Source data
____________

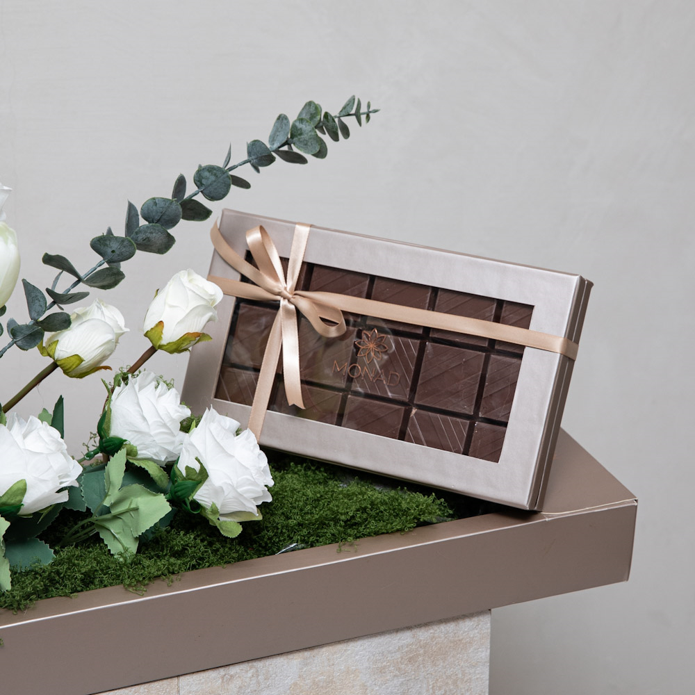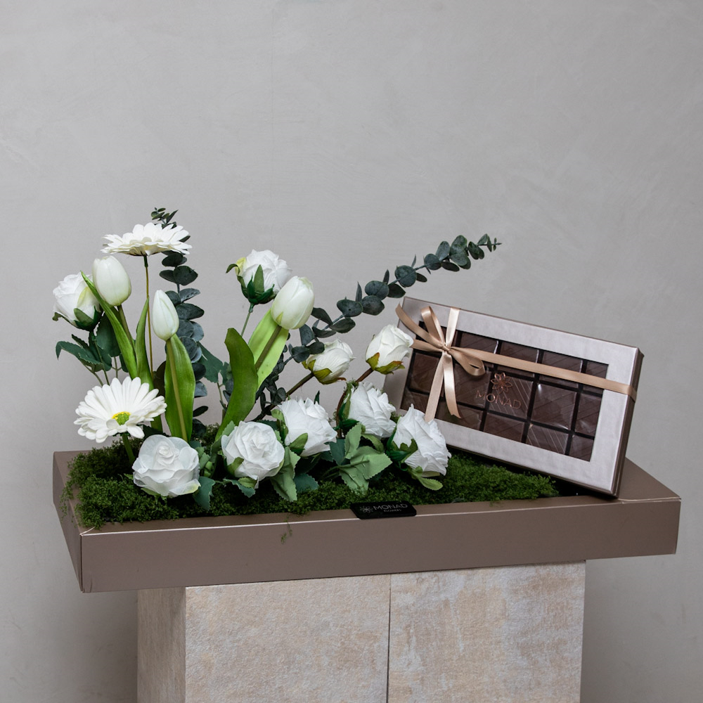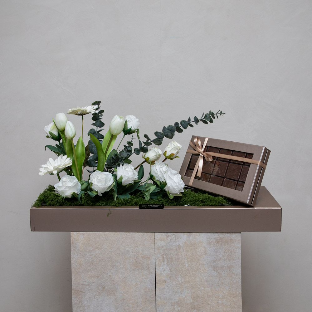 An elegant box that contains roses, tulips and eucalyptus leaves along with premium Belgian chocolates.
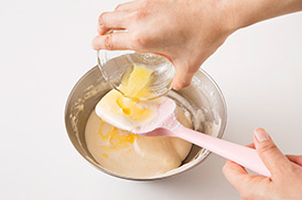 上段のスポンジケーキ分の材料と間違わないように気をつけてね!
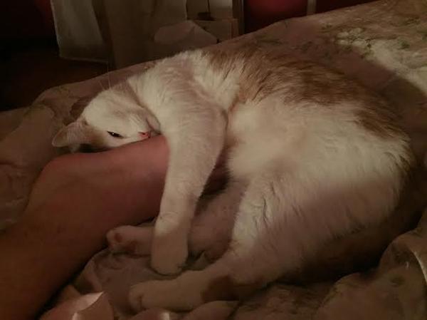 Спит он постоянно с хозяевами. Прям подхалим, не могу. Ломает стереотипы, что коты должны спать только в ногах и спит ВЕЗДЕ: на руке хозяина, на ноге, на голове, на шее, на лице… И все время так урчит, так урчит. Не любить его невозможно, но я его стараюсь сильно к себе не подпускать. Пусть не расслабляется.
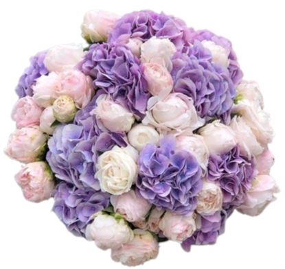 - Lilac Hydrangea: are known for their large, globe-like clusters of small flowers. Lilac hydrangeas, with their soft purple hue, symbolize understanding, patience, and heartfelt emotions. They add a lush, voluminous, and textural element to the bouquet, creating a visually stunning and elegant base.
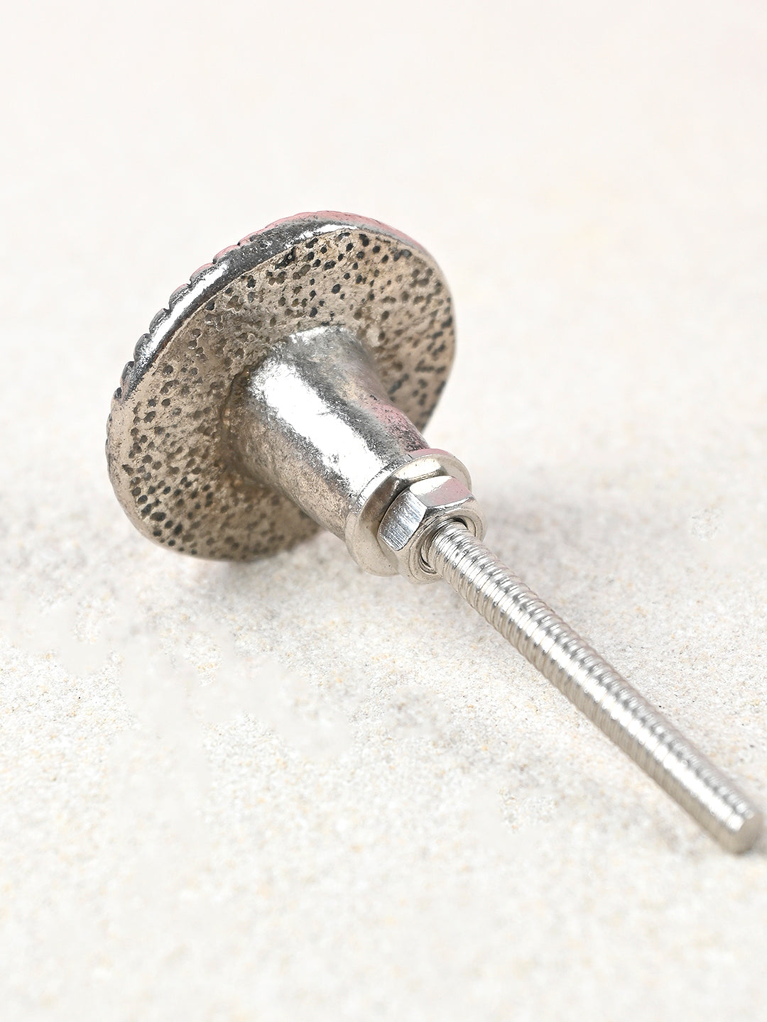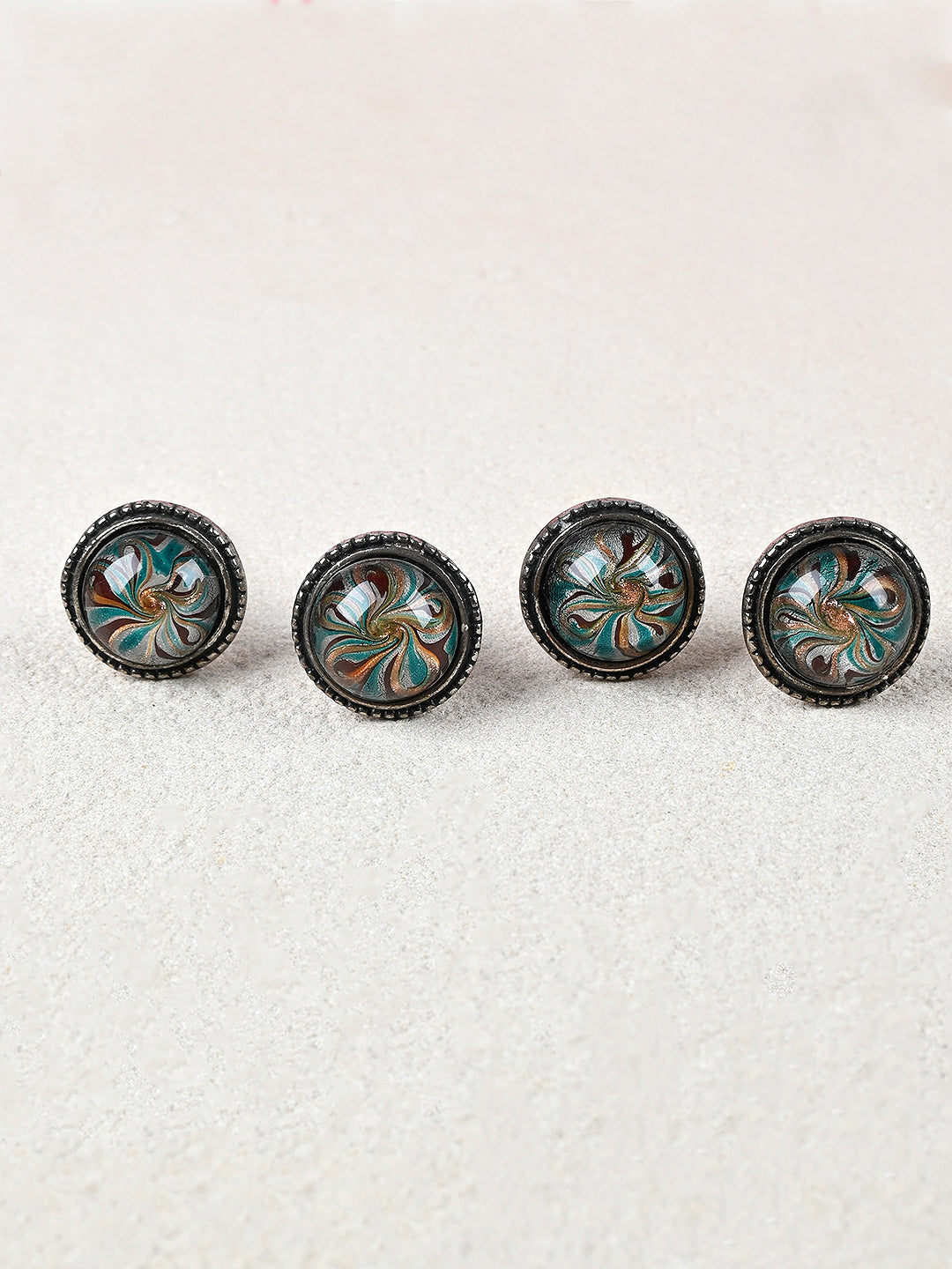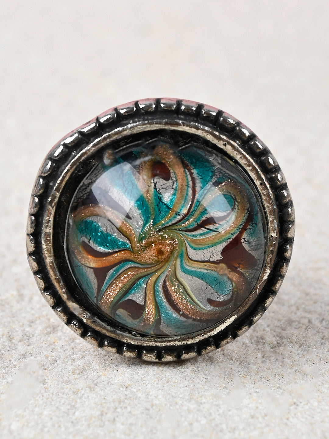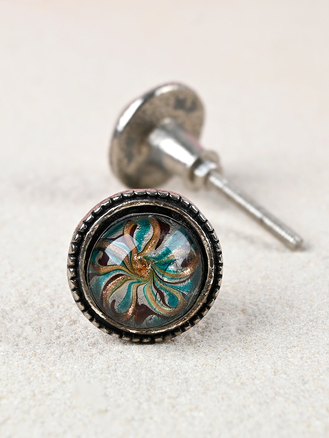 Golden, Turquoise and Dark Red Glass Knob on a Antique Silver Metal Base

____________

Task instructions -> When you transcribe the entries above, begin at their first line, end with the line containing "Спит он постоянно", and copy each line exactly without any picture.

Answer ->
 An elegant box that contains roses, tulips and eucalyptus leaves along with premium Belgian chocolates.
 上段のスポンジケーキ分の材料と間違わないように気をつけてね!
 Спит он постоянно с хозяевами. Прям подхалим, не могу. Ломает стереотипы, что коты должны спать только в ногах и спит ВЕЗДЕ: на руке хозяина, на ноге, на голове, на шее, на лице… И все время так урчит, так урчит. Не любить его невозможно, но я его стараюсь сильно к себе не подпускать. Пусть не расслабляется.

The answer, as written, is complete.